Теперь уже, кажется, Дорофеев вот-вот взорвется. Действительно, кто как не начальник ВЦ должен быть в курсе всех событий. Выходит, что этот сбой от него скрыли. А такой сбой мог привести к порче многих пользовательских томов, поскольку к субкомплексам внешней памяти имеют доступ все машины. Павлов все это знает преотличнейше, но вместо того, чтобы молчать в тряпочку, с пылу с жару роет сам себе яму. Наконец до него это доходит и он жалобно вопрошает.
- А почему же Лебедев не остановил систему?
Еще один вопрос не по адресу.
- Черт знает, что такое! - бурчит Лиегис. - Просто диверсия какая-то! Товарищ Лебедев, что вы молчите?
Лебедев усмехается.
- А что вы хотите от меня услышать? Я запустил свою задачу и пошел в отдел за листингами. Ключ, естественно, на вахте, пока спустился, пока то да се - возвращаюсь, а там дым коромыслом. Никешкин мечется из машзала в пультовую и обратно, не знает, что ему делать. Сел разбираться, а тут графопостроитель начал рисовать... Выясняю, кто его запустил - вроде никто не запускал. Дежурный где-то бродит, графопостроитель рисует да притом не кого-нибудь, а меня. Естественно, мне стало интересно, и я не остановил комплекс, тем более, что он и без меня потом остановился.
Вижу, что никто ему не верит. Пожалуй, следует направить обсуждение в нужное русло.

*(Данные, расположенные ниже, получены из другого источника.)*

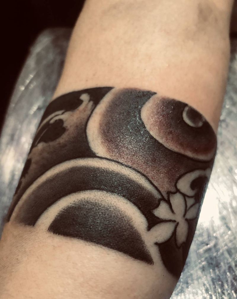 当前位置: 首页 >河南省濮阳市纹身店-濮阳墨客刺青(纹身培训)纹身图案>即兴设计臂环纹身图片_手臂手部新传统纹身图案

- Товарищи, вопрос о том, в каком месте почивал дежурный инженер, мы предоставим выяснить товарищу Павлову в рабочем порядке. А сейчас, коль скоро проблема налицо, предлагаю разобраться с этими рисунками. Прошу вас всех внимательно их рассмотреть и высказать свои суждения по поводу того, откуда они взялись. Только без личных выпадов.
Лиегис брезгливо берет один лист.
- Хм... Занятно, если не сказать забавно? Видимо, товарищ Лебедев решил увековечить свой образ... Так вот, что касается природы этих рисунков, то, помнится, с полгода тому назад я имел крупный разговор кое с кем по поводу Монны Лизы ко дню Восьмого марта. Здесь, правда, графопостроитель, а там было печатающее устройство, но, в принципе, технология одна и та же. Берется репродукция или фотография, расчерчивается мелкой сеткой и каждый квадратик кодируется соответствующей литерой... Есть мнение, что пора кое-кого лишить квартальной премии. Чтоб неповадно было!
- Насчет литер вы не правы, здесь ведь векторный принцип рисования - он гораздо сложнее в реализации, так что нужны не клеточки, а, я бы сказал, черточки, - произносит Богомолов.
- А симпатичные рисунки, Если не возражаете, я возьму себе один - в кабинете повешу.
- Несерьезно, Денис Давидович! Технические средства используются в личных целях, я уж не говорю о проблеме дефицита бумаги!
- А-а! Бросьте. Капля в море по сравнению с теми объемами, что утилизируют программисты. Не надо доводить администрирование до абсурда.
- Ерундой занимаемся! - это Рашидов - мой зам по оборудованию. - Девятый час, а мы тут какую-то абстрактную живопись разглядываем.
У него двое детей - пацаны, и, по слухам, очень строгая жена. Его можно понять.
Лебедев встает и подходит к столу.
- Насколько я понял, мне инкриминируют то, что я взял свои фотографии и загнал их в машину. Так вот, я этого не делал.
- Да, - Лиегис вскидывает брови. - Значит кто-то сделал это за вас. Кто же он?
- Не знаю. Что касается фотографий, то вот, взгляните: коллаж. Целая серия художественных образов наших сотрудников, да и еще кое-что. Вы слишком высокого мнения о моих способностях в области живописи и дизайна.
Так.., действительно... Работал не просто художник, а талантливый художник.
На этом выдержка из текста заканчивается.